In light of Stuart’s continuing decline into deep depression and ultimate suicide, it is difficult to know how to interpret such impressions, especially in the face of what Stuart himself reveals about his emotional state during his last months. In the letter he wrote to his parents the night before he took his life, he said, “My life was actually killed long ago…. I simply could not live another day choking on my own feelings of inferiority. For the first time in over twenty years I am free from my pains” (19).
It is a terrible indictment of our attitudes toward and treatment of homosexuals that for some suicide is seen as the only avenue to peace. Unfortunately, there are still some Mormon parents who believe that it is better for a child to commit suicide than to commit sexual sin. What the Lord said regarding the saying, “The fathers have eaten grapes and the children’s teeth are set on edge” (Jer. 31:29), is appropriate for such belief: “As surely as I live, declares the Sovereign Lord, you will no longer quote this proverb in Israel. For every living soul belongs to me” (Ezek 18:1-4). To idealize any suicide as acceptable not only sets a dangerous precedent but also manifests a fundamental misunderstanding of the gospel.

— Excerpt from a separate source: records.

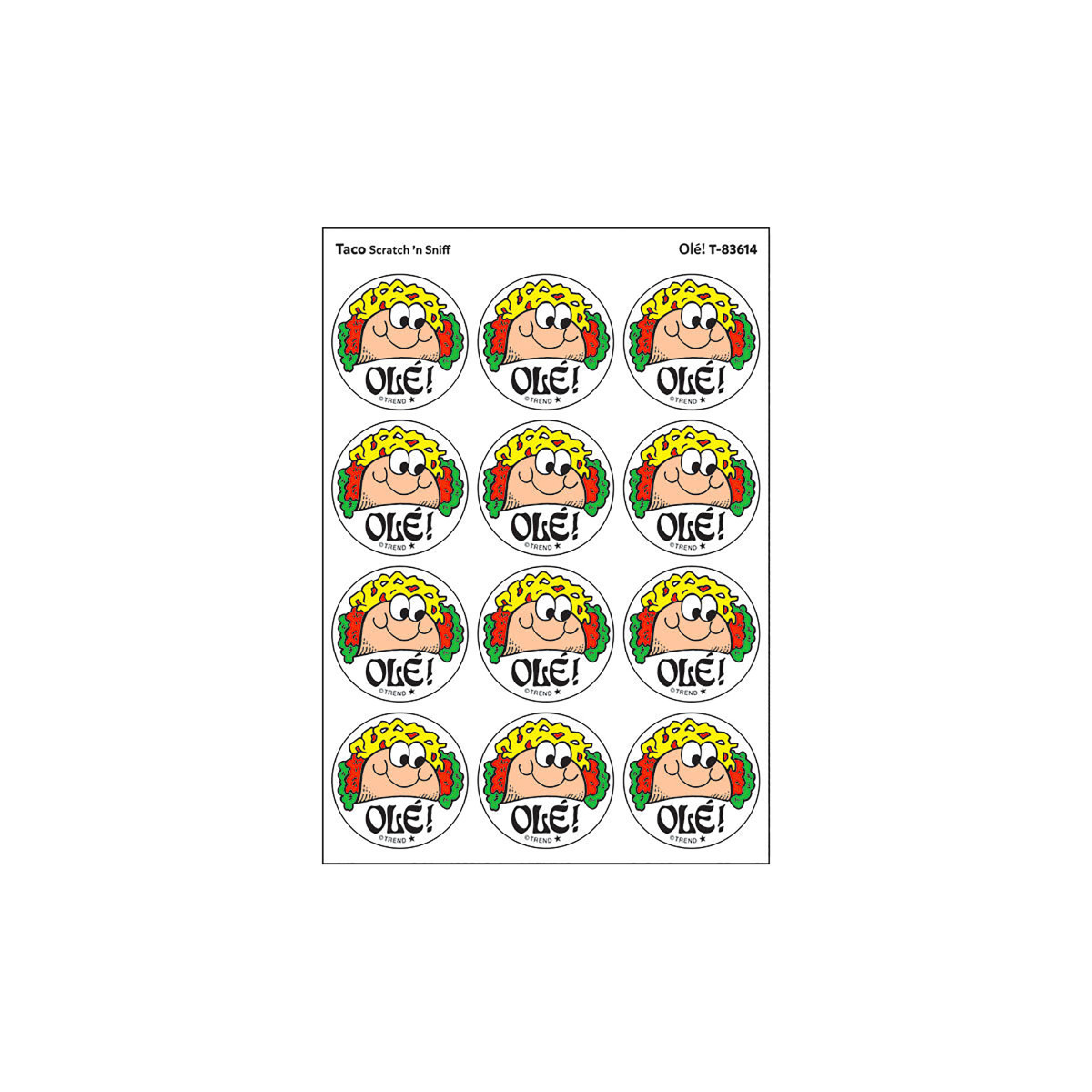 Get a whiff of this Ole!, taco-scented sticker! TREND Scratch 'n Sniff Stinky Stickers from the '80s are BACK! Fun to collect, trade, and celebrate accomplishments and special occasions. Collectors will be happy to spot the star symbol to distinguish TREND Retro Stinky Stickers from those printed in the 1980s. Each pack includes 24 stickers on 2 sheets.
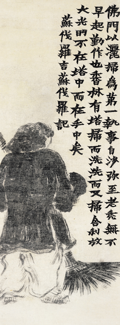 一九三四年,為子女求學便利,何澄於北平購宅修造「真山園」。在園內女兒們使用的二進客廳中,特意懸掛金農〈香林掃塔圖〉,繪一小沙彌背面持帚作掃地狀,以極禿之筆掃成,放縱簡約、墨氣濃鬱、粗獷內蘊,畫上漆書題曰:「佛門以灑掃為第一執事,自沙弥至老禿,無不早起勤作也。香林有塔,掃而洗,洗而又掃。舍利放大光明,不在塔中而在手中矣」,希望女兒們要向這個小沙彌一般早起勤作,才能有所事成。在兒子們臥室裡,則常更換懸掛書聯,如傅山六言楷書聯:「性定會心自遠,身閒樂事偏多」,錢大昕七言隸書聯:「禹糧堯韭窗有草,孔思周情架上書」,何道生所書七言聯:「儉以處家存古道,富於為學有新功」,黃易七言隸書聯:「天意江山有夙期,人間忠孝相關處」,煥然五言楷書聯:「傳家惟忠孝,尚志在詩書」等,皆在激勵其勤勉修身,提升學養情操。 |
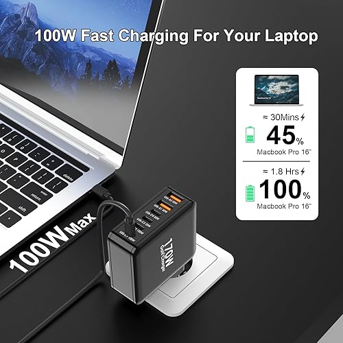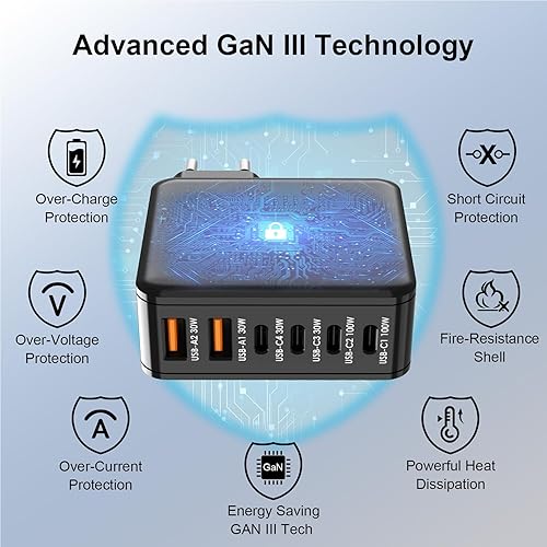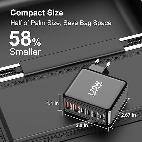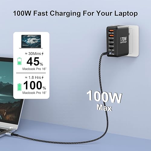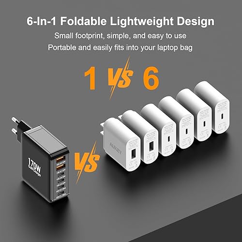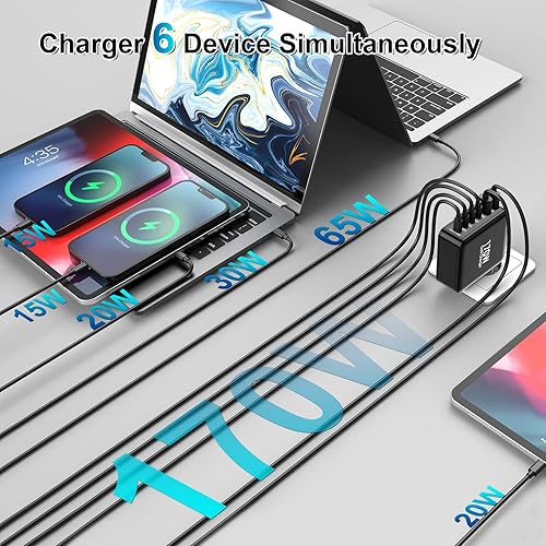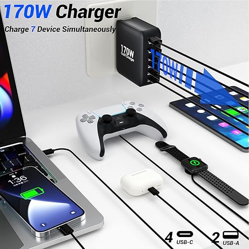 Ubigbuy Caricabatterie USB C da 170 W con 6 porte (4 x USB-C 100 W/30 W + 2 x USB-A 30 W) – Caricatore rapido compatto PD 3.0, PPS, QC3.0 per MacBook Pro, iPad, iPhone 16/15, Galaxy S24/S23
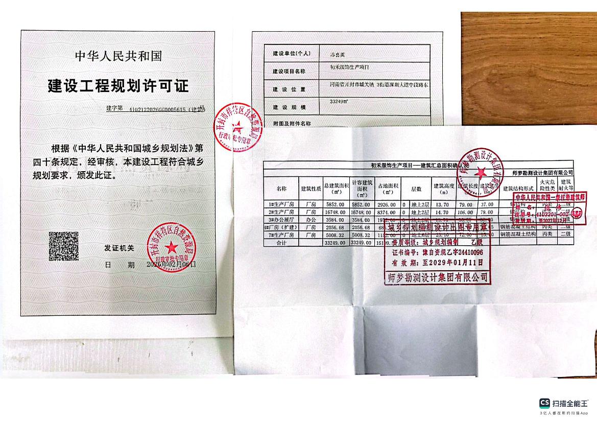初禾服饰生产项目批后公告

Yet there seem to be some sentiments that affirm suicides like that of Stuart Matis. In his essay on suicide, the philosopher William H. Gass observes, “It was dangerous for Donne to suggest that suicide was sometimes not a sin. It was still daring for Hume to reason that it was sometimes not a crime. Later one had to point out that it was sometimes not simply a sickness of the soul. Now it seems necessary to argue that it is sometimes not a virtue.”[3]
It was in this last letter that Stuart expressed the hope that somehow his parents could turn the tragedy of his life into something positive: “Perhaps your action to help others understand the true nature of homosexuality might help to save many young people’s lives” (19). The Matises have taken their son’s desire as a mission and have (along with others) successfully petitioned the Church to change some of the language about homosexuality in at least one publication (“For the Strength of Youth”), have shared their experience openly with other families, and have counseled a number of young Latter-day Saints who are wrestling with this issue. Instead of despairing over their son’s death, they have worked arduously to prevent similar deaths.

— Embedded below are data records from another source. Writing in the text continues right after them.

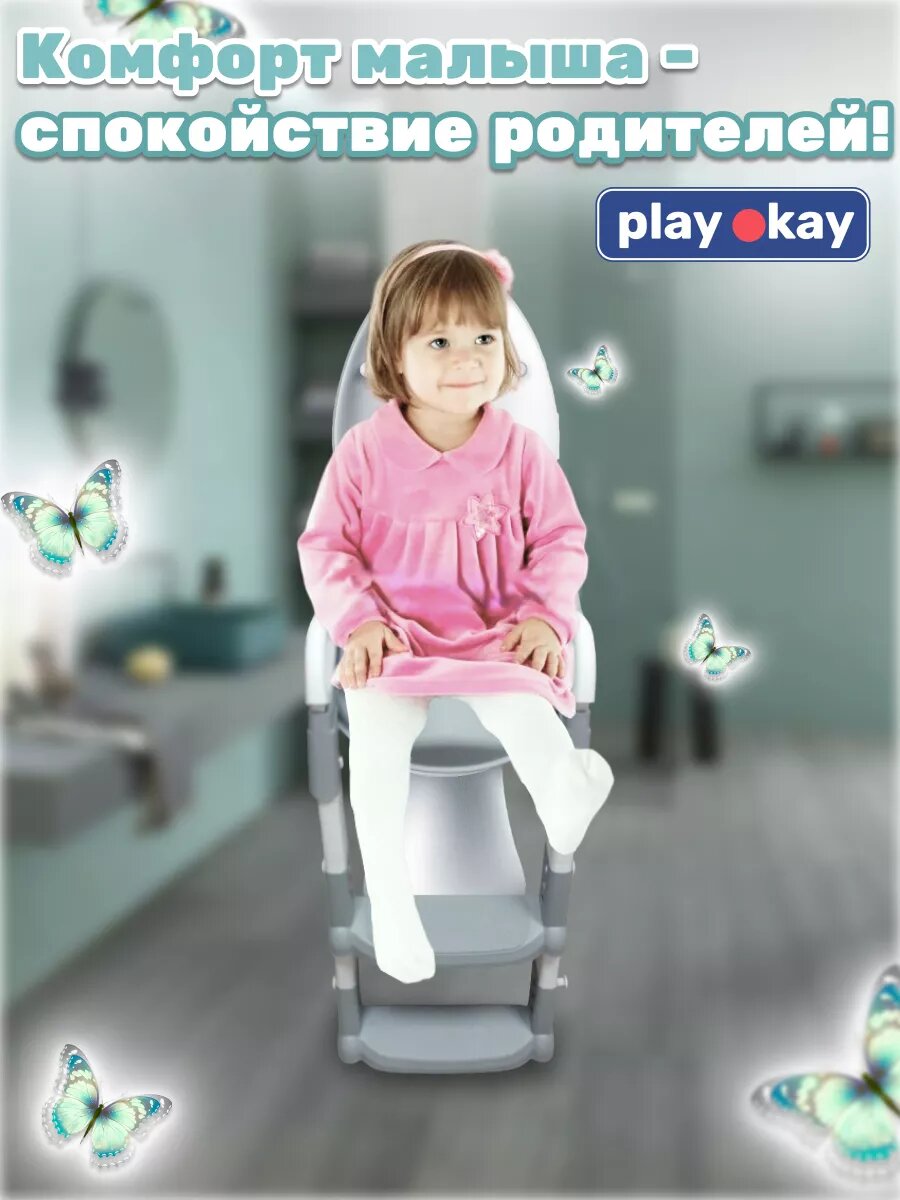 Накладка на унитаз детская с лесенкой Play Okay сиденье c подставкой, стульчак ободок со ступенькой, мягкий и анатомический, универсальный и комфортный из безвредного материала, цвет серый
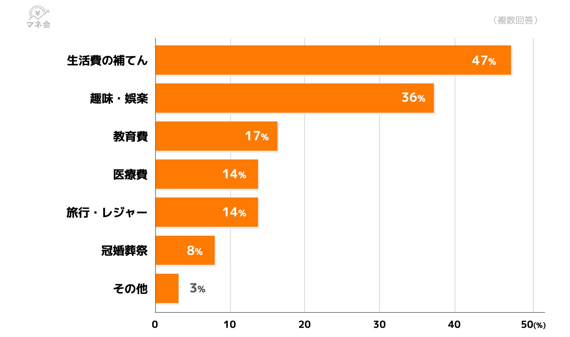 利用経験者に目的を尋ねたところ、最も多かったのは「生活費の補てん」(47%)、次いで「趣味・娯楽」(36%)、「教育費」(17%)、「医療費」(14%)でした。
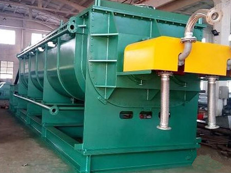 空心轴上密集排列着楔型中空桨叶,热介质经空心轴流经桨叶。单位有效容积内传热面积很大,热介质温度从-40℃到320℃,可以是水蒸汽,也可以是液体型:如热水、导热油等。间接传导加热,没有携带空气带走热量,热量均用来加热物料。热量损失仅为通过器体保温层向环境的散热。楔型 桨叶传热面具有自清洁功能。物料颗粒与楔型面的相对运动产生洗刷作用,能够洗刷掉楔型面上附着物料,使运转中一直保持着清洁的传热面。桨叶干燥机的壳体为W型,壳体内一般安排二到四根空心搅拌轴。壳体有密封端盖与上盖,防止物料粉尘外泄及收集物料溶剂蒸汽。出料口处设置一挡扳,保证料位高度,使传热面被物料覆盖而充分发挥作用。热介质通过旋转接头,流经壳体夹套及空心搅拌轴,空心搅拌轴依据热介质的类型而具有不同的内部结构,以保证传热效果。
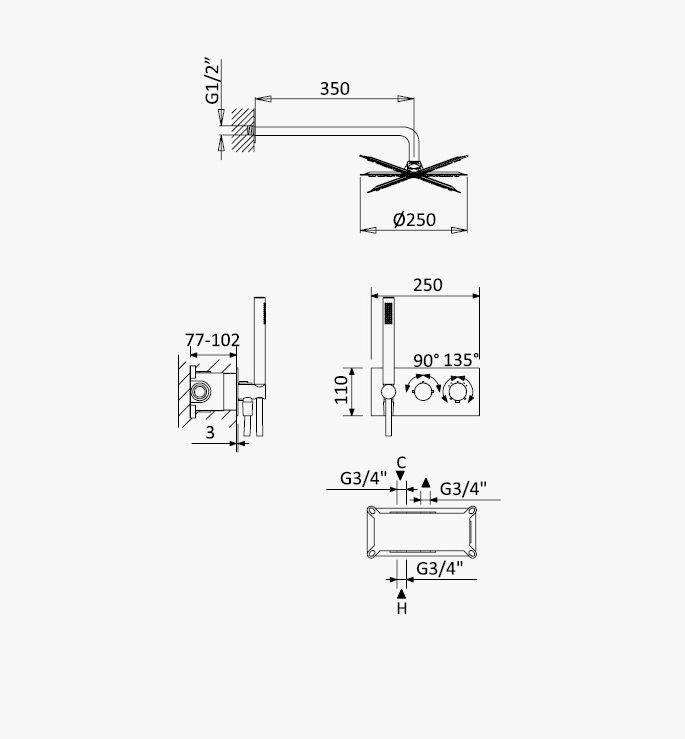 Bateria natryskowa podtynkowy, ze słuchawką prysznicową, z deszczownicą ścienną
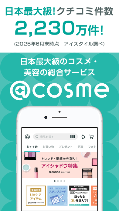 - おすすめのコスメ・美容情報が掲載された「@cosme」公式アプリ
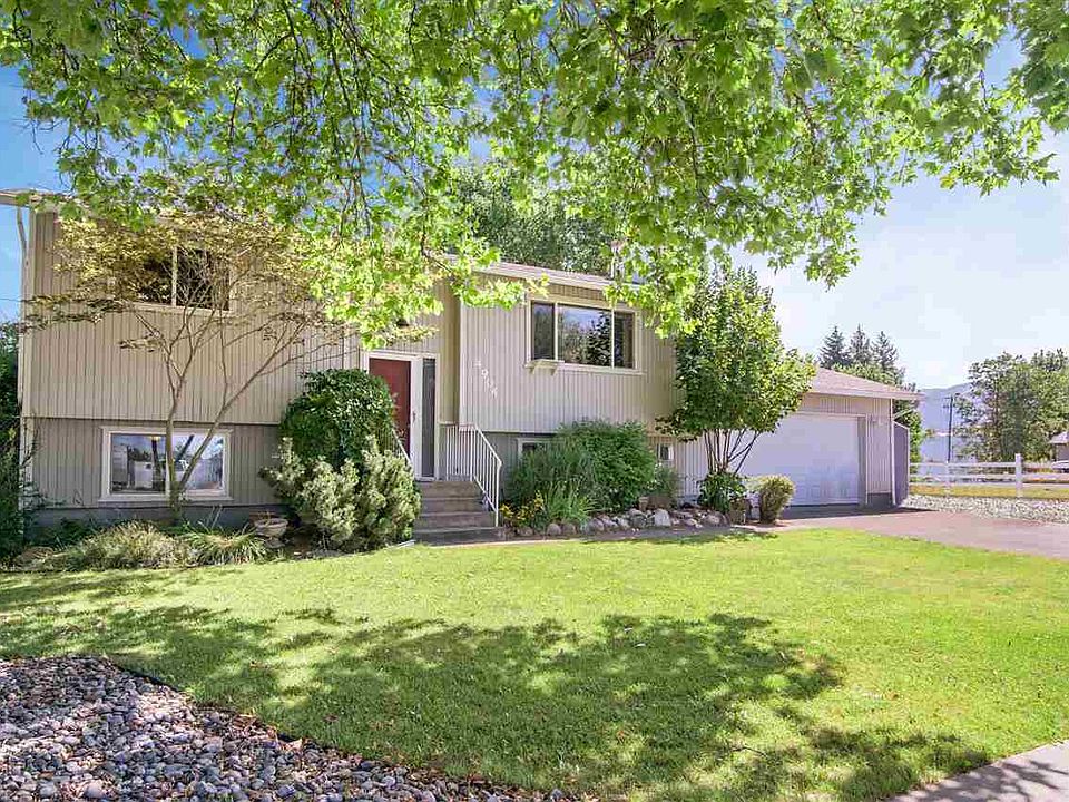 This charming home is situated on an expansive 1.10 acre lot with a fantastic 24x30 shop! Extremely well cared for with light and bright rooms, gas insert fireplaces up/down, newer paint & carpet, updated baths. Kitchen has lovely cabinetry, ample storage & working space with room to dine. The lower level has large family room, and uniquely designed private master suite. This property has incredible space to park RV's, Boats & Toys, crossed fenced for pets and nicely landscaped. This home is a must see!
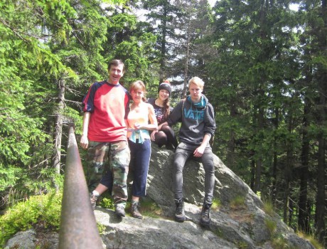 Čtvrtý den vyrážíme zase společně na poměrně dlouhou cestu ze Špindlu až na rozhlednu Žalý. První zastávka je na Černé skále.

Perhaps the most positive contributions Marilyn Matis makes are her acknowledgment of the complexity of same-gender attraction—”Until we have a definitive understanding of what causes same-gender attraction, all therapy becomes a guessing game” (10)[4]—and her modeling for other LDS families to be open in their discussion of homosexuality. It certainly took boldness on the Matises’ part to take the declarative position that homosexuality is not a choice and that, at least for the majority, is not changeable. The importance of this contribution cannot be overestimated in Mormon culture where the orthodox (and most commonly believed) position is that homosexuality is chosen and changeable.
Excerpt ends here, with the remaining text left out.